What you return must match the data below exactly, minus any pictures.

BEGIN SUPPLIED INFORMATION

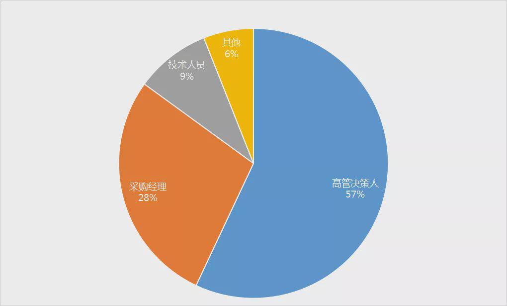 在本屆具有商業(yè)價值的專業(yè)觀眾共計49012人次,其中占比較多的高管決策人,達到57%;其次,采購經(jīng)理占比28%、技術(shù)人員占比9%,其它占比6%。
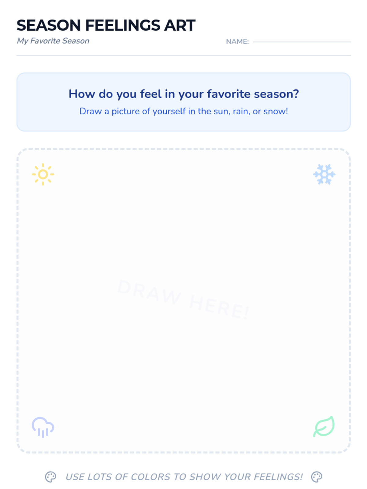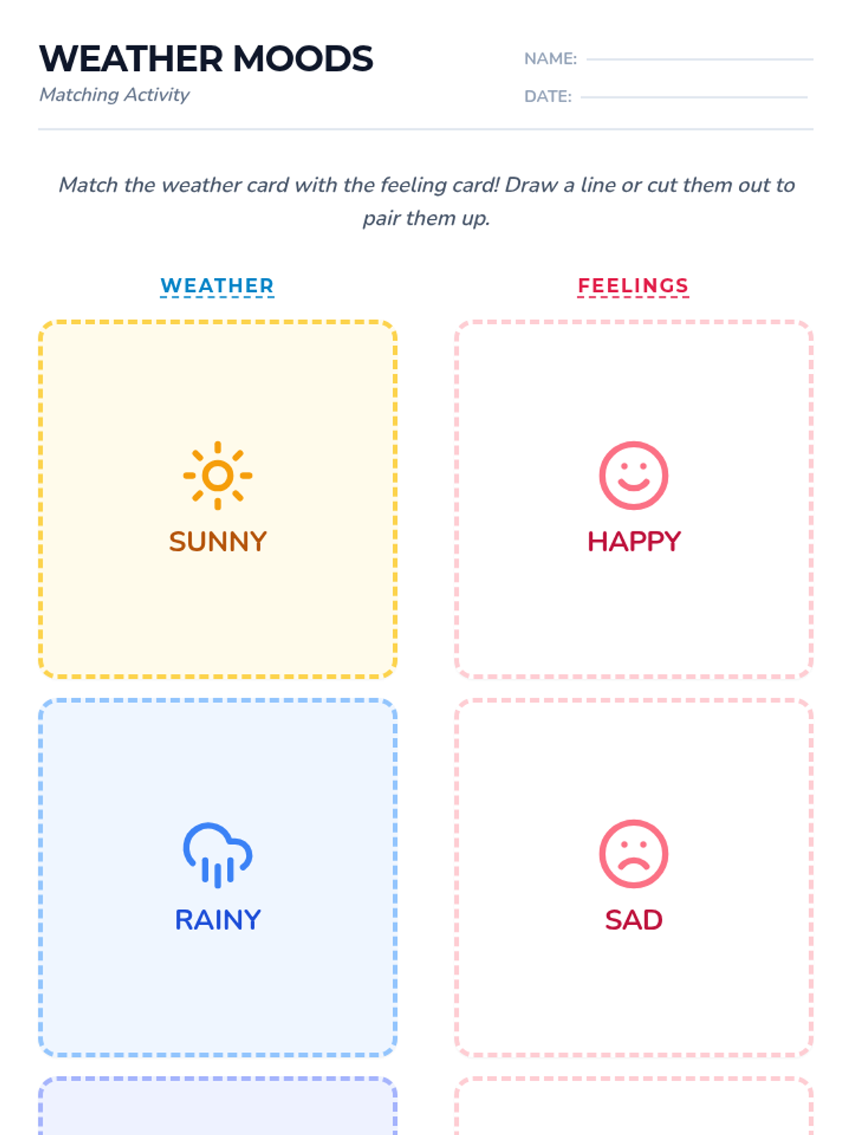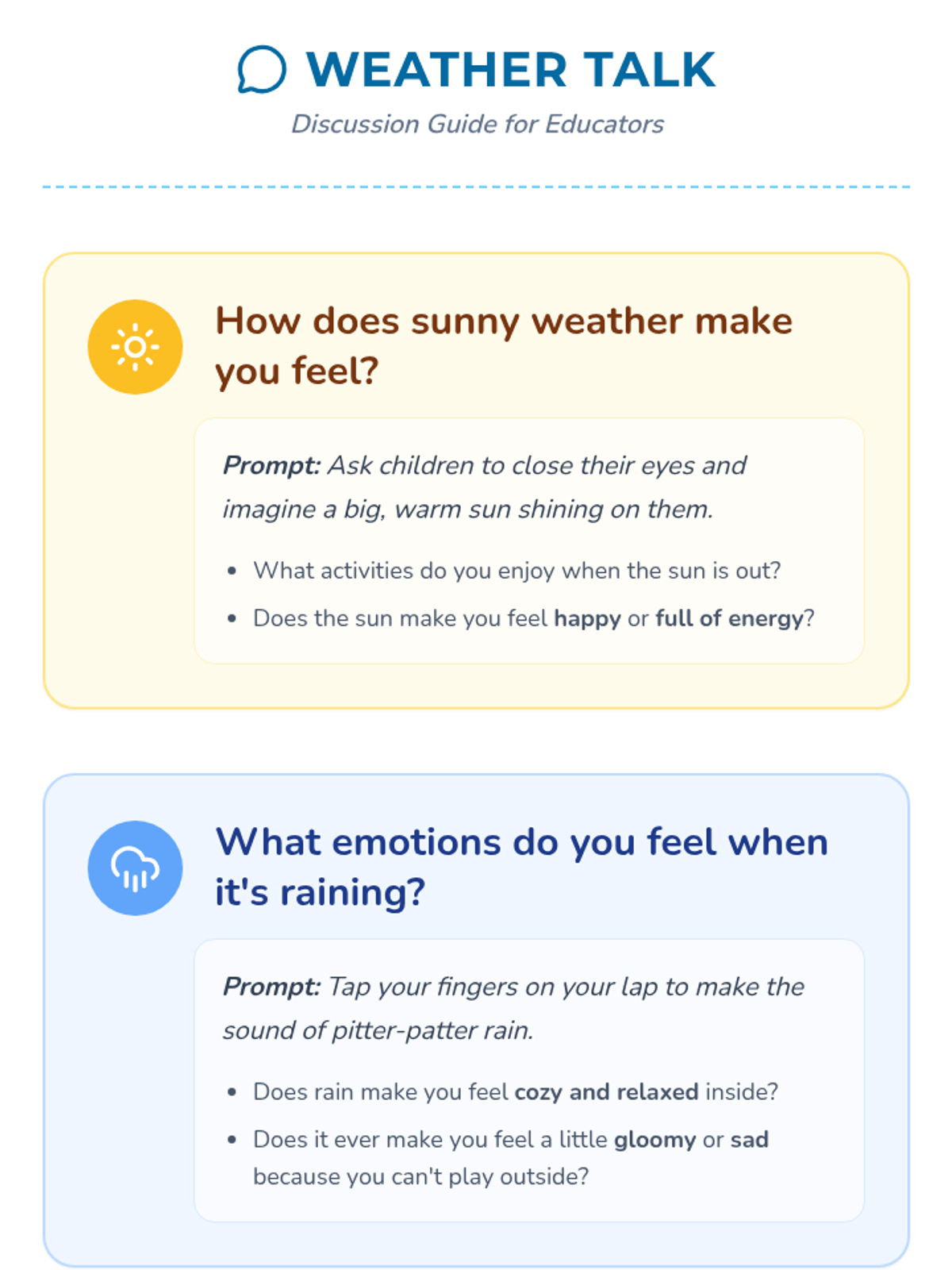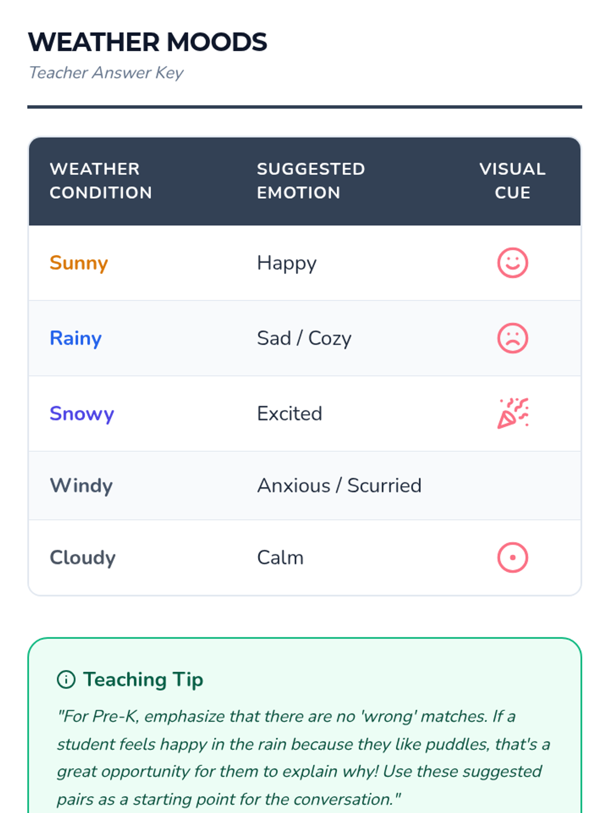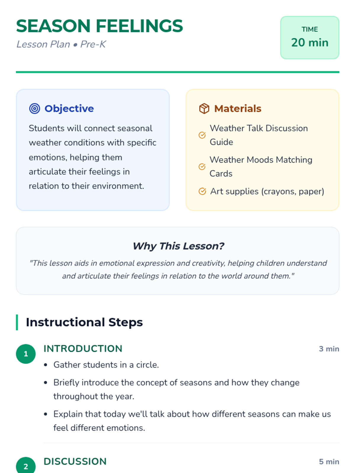 A 20-minute Pre-K lesson that connects seasonal weather patterns with emotional expression through discussion, matching activities, and art.
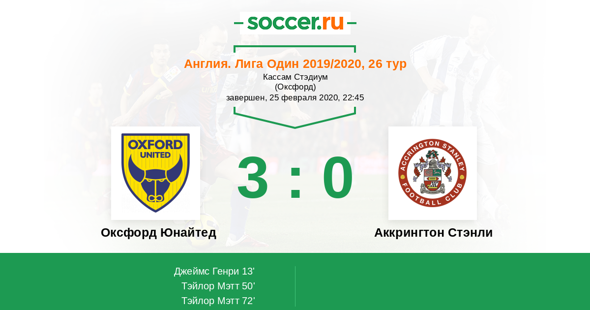 | Аккрингтон Стэнли | 32:47 | 18:23 | 14:24 |

END SUPPLIED INFORMATION

### OUTPUT
 在本屆具有商業(yè)價值的專業(yè)觀眾共計49012人次,其中占比較多的高管決策人,達到57%;其次,采購經(jīng)理占比28%、技術(shù)人員占比9%,其它占比6%。
 A 20-minute Pre-K lesson that connects seasonal weather patterns with emotional expression through discussion, matching activities, and art.
 | Аккрингтон Стэнли | 32:47 | 18:23 | 14:24 |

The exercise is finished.